Advertisement

Dr. Dream Spotlights Guts, Fire of Ann De Jarnett

Share
Times Staff Writer

Nothing is certain in the music business, but judging from the quality on display at Night Moves in Huntington Beach on Friday night, Orange County’s Dr. Dream Records has a good chance to emerge as a noteworthy player on the national independent rock scene.

The label presented two of its four acts from the county and vicinity, along with a third band, National Peoples Gang, that has been negotiating a possible Dr. Dream deal.

In the show’s headliner, Ann De Jarnett, Dr. Dream has a striking talent--a singer with the guts and fire of her obvious model, Patti Smith. De Jarnett has the frosty bohemian beauty of ‘Til Tuesday’s Aimee Mann and a nimble, classically flavored touch on the electric violin. Once De Jarnett gets some exposure, this may be a hard combination for major labels to resist.

Advertisement

Patti Smith began as a non-singing poet who, by sheer force of rock attitude, turned herself into a key figure in the development of punk and New Wave music. De Jarnett comes from the opposite direction: She starts with a powerful, well-controlled voice, then reaches for the toughness and abandon associated with Smith. Her phrasing at Night Moves borrowed a little too reverently from her model, but almost everything De Jarnett sang hit with the force and immediacy of deeply personal expression.

A couple of slower numbers were a bit wooden, and it would have been nice if De Jarnett, whose violin parts tended toward the stately, had expanded upon the more fiery bowing that emerged in brief flickers. Her three-piece band was solid, but a more pumped-up, overtly passionate approach would help. De Jarnett clearly is the sort of frontwoman who could channel the fury of a rock-storm into something special.

Turbulence wasn’t lacking in National Peoples Gang’s set.
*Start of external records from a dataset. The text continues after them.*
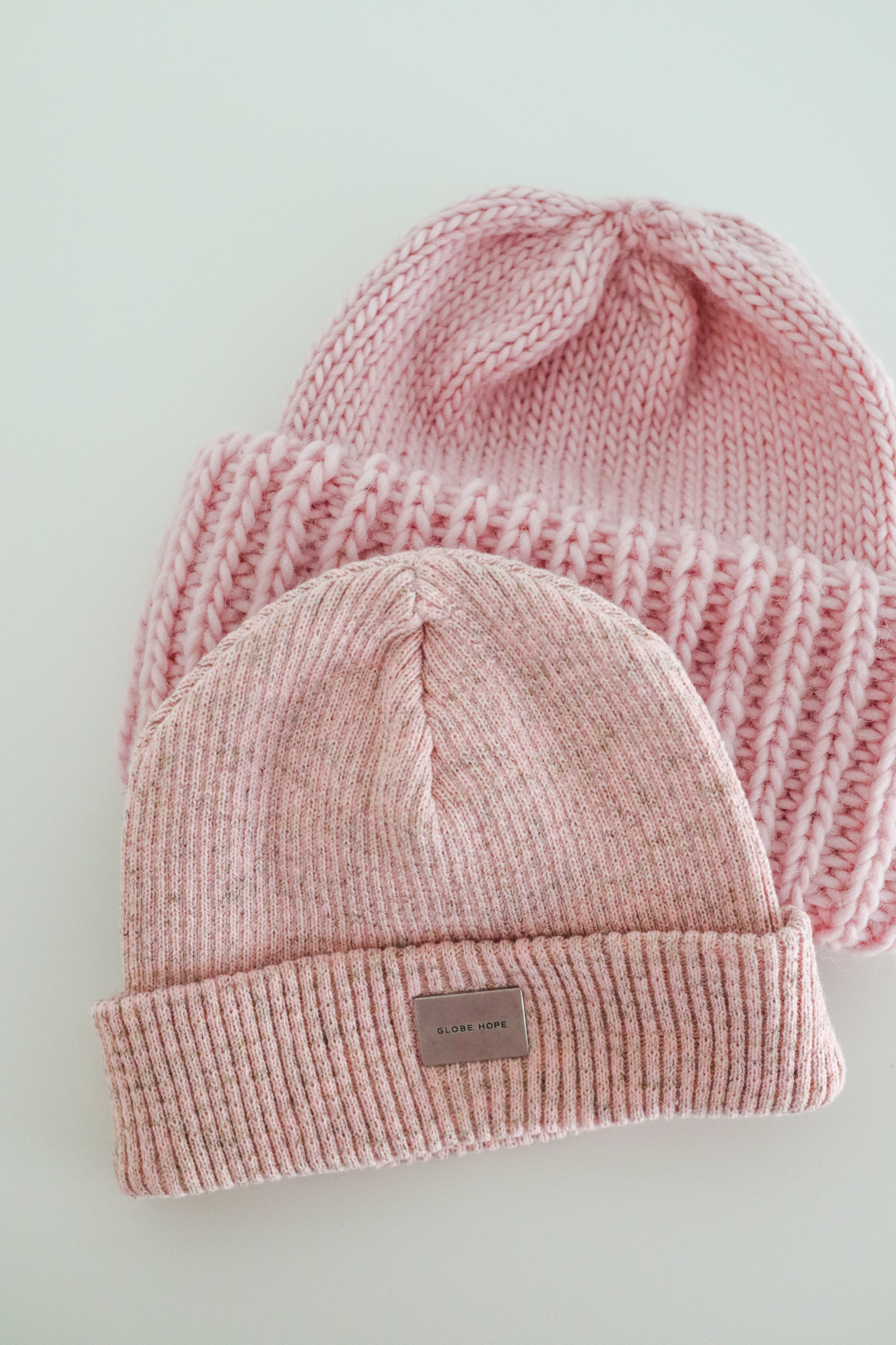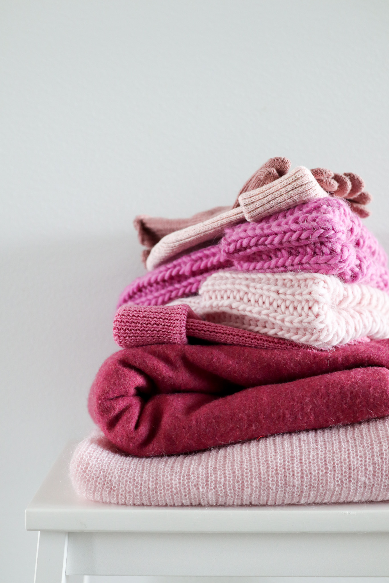 Onneksi hattaran vaaleanpunaista pipoa voi hyvin pitää aivan ihanan villapaidan kanssa. Ne ovat aivan täydelliset toisilleen ja sävy osu yhteen.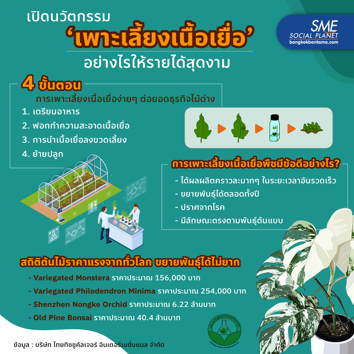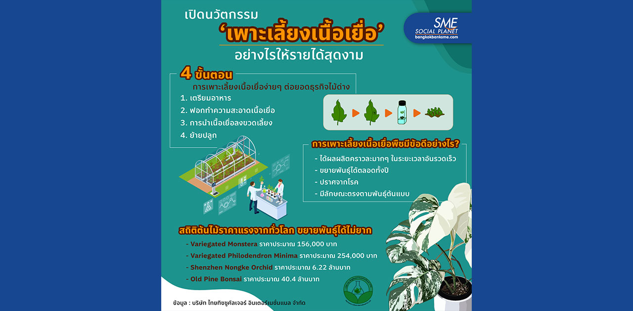 ธุรกิจกระแสแรง กับเทคนิคนวัตกรรมขยายพันธุ์พืชของบริษัท ไทยทิชชูคัลเจอร์ อินเตอร์เนชั่นแนล จำกัด ด้วยการ ‘เพาะเลี้ยงเนื้อเยื่อ’ ง่ายๆ อย่างไรให้รายได้งาม กับความเจริญก้าวกน้าในด้านการเกษตร ที่มีการพัฒนาเทคนิค ทำให้ได้ต้นพืชแบบใหม่ จำนวนมากอย่างรวดเร็วในเวลาอันจำกัด แถมยังได้คุณภาพดี พร้อมตอบโจทย์ความต้องการของตลาด สู่ธุรกิจรายได้งามที่กำลังเติบโต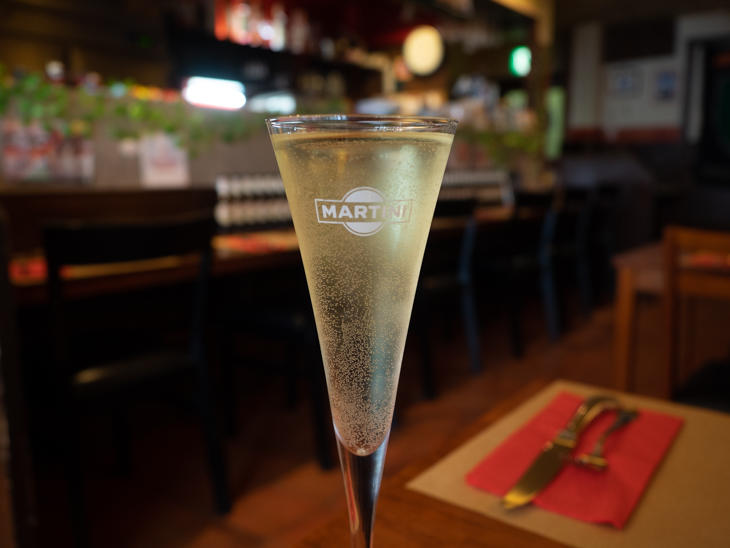 せっかくなので、ヨーロッパ的な情緒を一層楽しむべく、スパークリング「マルティーニ ブリュ」(グラス700円)で乾杯。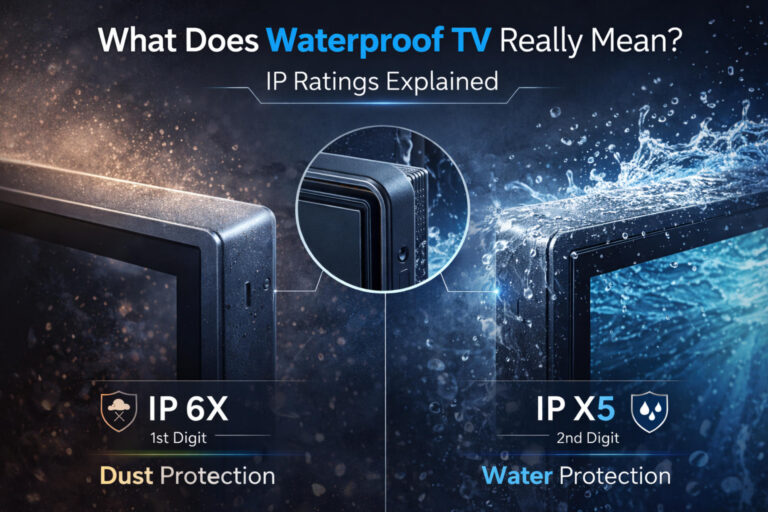 In commercial display projects, the term “Waterproof TV” is often used broadly, but its real meaning depends heavily on the IP rating behind it. For B2B buyers, a Waterproof TV is not simply a screen that resists splashes — it is a device engineered to prevent dust and water intrusion under defined testing standards. This is where the IP (Ingress Protection) code becomes critical. Ratings such as IP65, IP66, IP67, or IP68 specify the level of protection against solids and liquids, directly influencing installation safety, durability, and maintenance costs. However, IP numbers are frequently misunderstood or oversimplified in procurement discussions. To make informed decisions, buyers must understand both what a Waterproof TV truly represents and how its IP rating translates into real-world performance.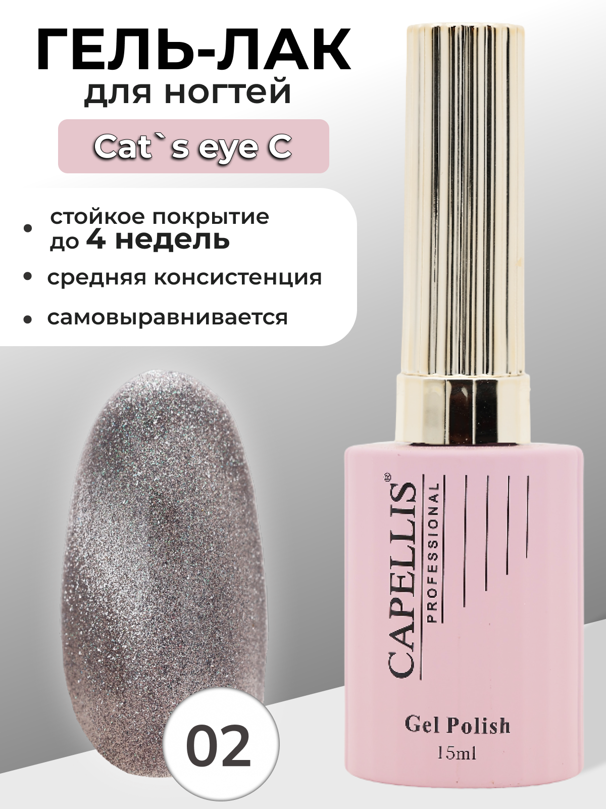 Capellis Кошачий глаз гель лак для ногтей с блестками №02 15мл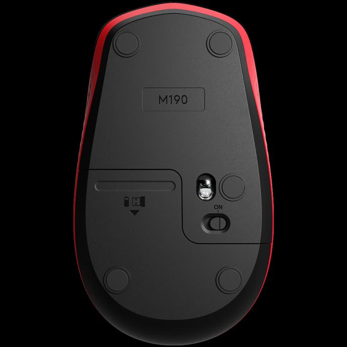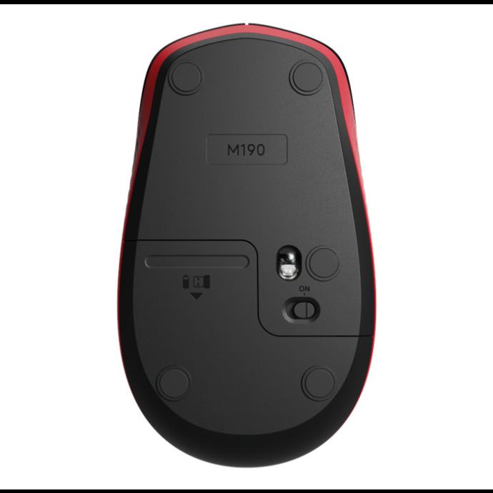 M190 crveni, Vrsta Bežično, Senzor Optički, Rezolucija 1000 dpi/cpi, Tipke 3 + scroll, Indikator baterije ne, Boja Crvena, Unifying receiver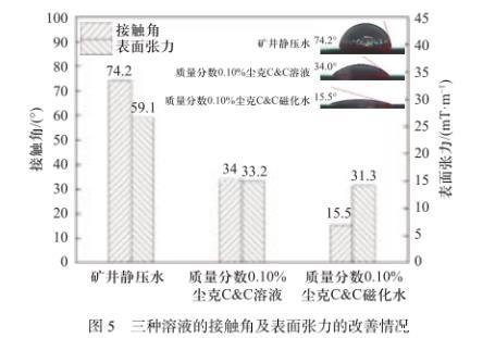 質(zhì)量分?jǐn)?shù)0.10%塵克C&C溶液的表面張力為33.2 mN/m.相較于礦井靜壓水,其表面張力減小了43.82%.質(zhì)量分?jǐn)?shù)0.10%塵克C&C磁化水的表面張力為31.3 mN/m.相較于礦井靜壓水,其接觸角減小了47.04%.由此可以看出,塵克C&C試劑和磁化相結(jié)合可更好地降低溶液的氣~液界面張力,使得溶液與低水分無煙煤顆粒接觸時(shí),更容易排出固~氣~液三相界面的氣體,以減弱其濕潤阻力。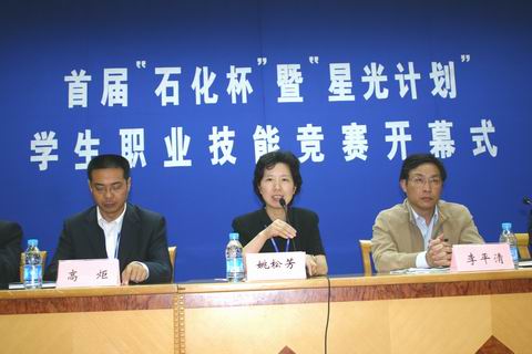 在隆重热烈的气氛中,党委书记姚松芳宣布上海石化工业学校第一届“石化杯”暨星光计划学生职业技能竞赛开幕。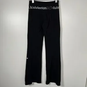 Lululemon Athletica yoga pants feature a classic flared leg and a signature branded logo waistband. These versatile black leggings are designed for comfort during yoga sessions or casual everyday wear. Signs of age.

After a promising start full of lean, tribal rhythms, slicing guitar work and Chad Jasmine’s manic, theatrical singing, the band aborted its show to do battle with a lone, skinhead heckler. From early salvos of words and a wad of paper, the exchange escalated suddenly with the tossing of a pitcher of water, a drink and two cartons of lettuce that Jasmine had brought on stage for some reason. It ended in a fracas on the dance floor when guitarist Chad Forrello leaped from the stage to tackle the band’s antagonist, who wound up being ejected.

“It was stupid of me to jump off the stage,” Forrello, who bruised his left hand in the tussle, admitted afterwards. It also was stupid of Jasmine to escalate a routine heckling by dousing the skinhead with water instead of drowning him in decibels. When confined to performance, that sort of volatility is one of National Peoples Gang’s best assets, a fine foil to the band’s artsier, British-influenced tendencies.

The Swamp Zombies, whose debut album, “Chicken, Vulture, Crow,” is set for release by Dr. Dream May 9, played a rough, rootsy set of acoustic stomps founded on an off-kilter blend of rockabilly, Cajun, country and calypso.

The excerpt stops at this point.